具体而言,在“其他涉日活动”类别下,该平台不仅发布了一些日本国内的活动,特别是展现中日交流的活动,而且还发布了中国国内正在或即将举办的涉及日本的活动;在“日本社会情况”类别下,主要包括日本科技发明、体育运动、社会风俗、焦点事件和奇闻轶事等内容;在“日本旅游美景”类别下,主要包括日本各旅游景点介绍、线路和玩法推荐、住宿信息等;在“日本影视音乐”类别下,主要是对即将在中国上映的日本电影进行宣传介绍,并推送以动漫歌曲为代表的、广为中国民众所熟知的日语歌曲;在“使领馆活动”类别下,既有日本驻华使领馆针对中国民众开展的日本文化普及讲座,也有中日两国社会人士在使领馆内举办的各种沙龙和聚会等;在“日本饮食文化”类别下,主要是介绍日本各地的著名美食、食物烹饪技巧等;在“投票抽奖”类别下,主要是发动中国民众就他们最喜欢的日本动漫、电影、书籍和景点等进行投票,并适时进行抽奖;在“赴日留学资讯”下,主要介绍日本各高校的历史沿革、奖学金、费用和住宿条件等情况;在“其他信息”类别下,主要是日本驻华使领馆的放假通知;在“官员致辞”类别下,发布的信息主要涉及日本国内政府官员、驻华大使和公使参加中日交流活动的讲话;在“日本工匠技艺”下,主要介绍了日式风铃、和风团扇、和风发簪、和伞以及木屐等产品的制作工艺,展现了日本制造业的工匠精神;在“日本人物专栏”类别下,主要是介绍日本某一领域的著名人士以及积极开展对华交流的日本人;在“日本著作书籍”类别下,则主要是介绍日本的畅销书籍以及展现日本文化传统的人文艺术类读物。

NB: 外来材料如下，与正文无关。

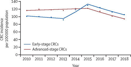 Después de la introducción del programa nacional de detección, se observó una disminución en la incidencia de cáncer colorrectal (CCR) general y en estadio avanzado. En vista de esta observación, junto con el cambio observado hacia la mayor detección y en etapas más tempranas del CCR por cribado que se tratan mediante escisión local, podríamos concluir con cautela que, a largo plazo, el cribado mediante pruebas inmunoquímicas fecales podría reducir la morbilidad y la mortalidad relacionadas con el CCR. Lancet Gastroenterol Hepatol 22 de noviembre de 2021

当新媒体与公共外交结合起来时,公共外交便能更有效地将大众传播和人际传播相结合,在信息传播互动性、双向性的基础上,实现对目标受众的“精确打击”。欧亚:“新媒体:‘把公共外交做到指尖’”,《世界知识》,2011年第12期,第49页。与传统媒体相比,新媒体是一种真正将“公共外交做到民众指尖”的传播形式,它让公共外交变得更加注重目标公众的反馈和参与,从“发送—接受”的单向信息传递转变成双向交流和分享,改变了传统媒体时代信息传播“传而不变”“听而不闻”的状态。王莉丽:“反思新媒体时代的公共外交”,《中国社会科学报》,2012年5月2日。如今,西方国家的推特(Twitter)、脸谱(Facebook)和中国的新浪微博、微信公众平台等,都是开展新媒体公共外交的重要载体。本文的着眼点即其中的微信公众平台。上文围绕公共外交与新媒体公共外交阐释的相关概念及其关系,详见图1。

  

图1 公共外交与新媒体公共外交的关系

 

资料来源:笔者自制。

二、日本对华新媒体公共外交的现状

微信公众平台是腾讯公司在微信的基础上新增的功能模块。通过这一平台,微信用户能够与特定群体实现文字、图片、语音、视频的全方位沟通和互动。作为对华新媒体公共外交政策的具体执行者,日本驻华大使馆在2014年开通了官方微信公众平台(japanembassy),直接与中国普通民众进行交流。下文将依托这一微信公众平台,采用数据统计和文本分析的方法,对日本开展对华新媒体公共外交的现状进行考察。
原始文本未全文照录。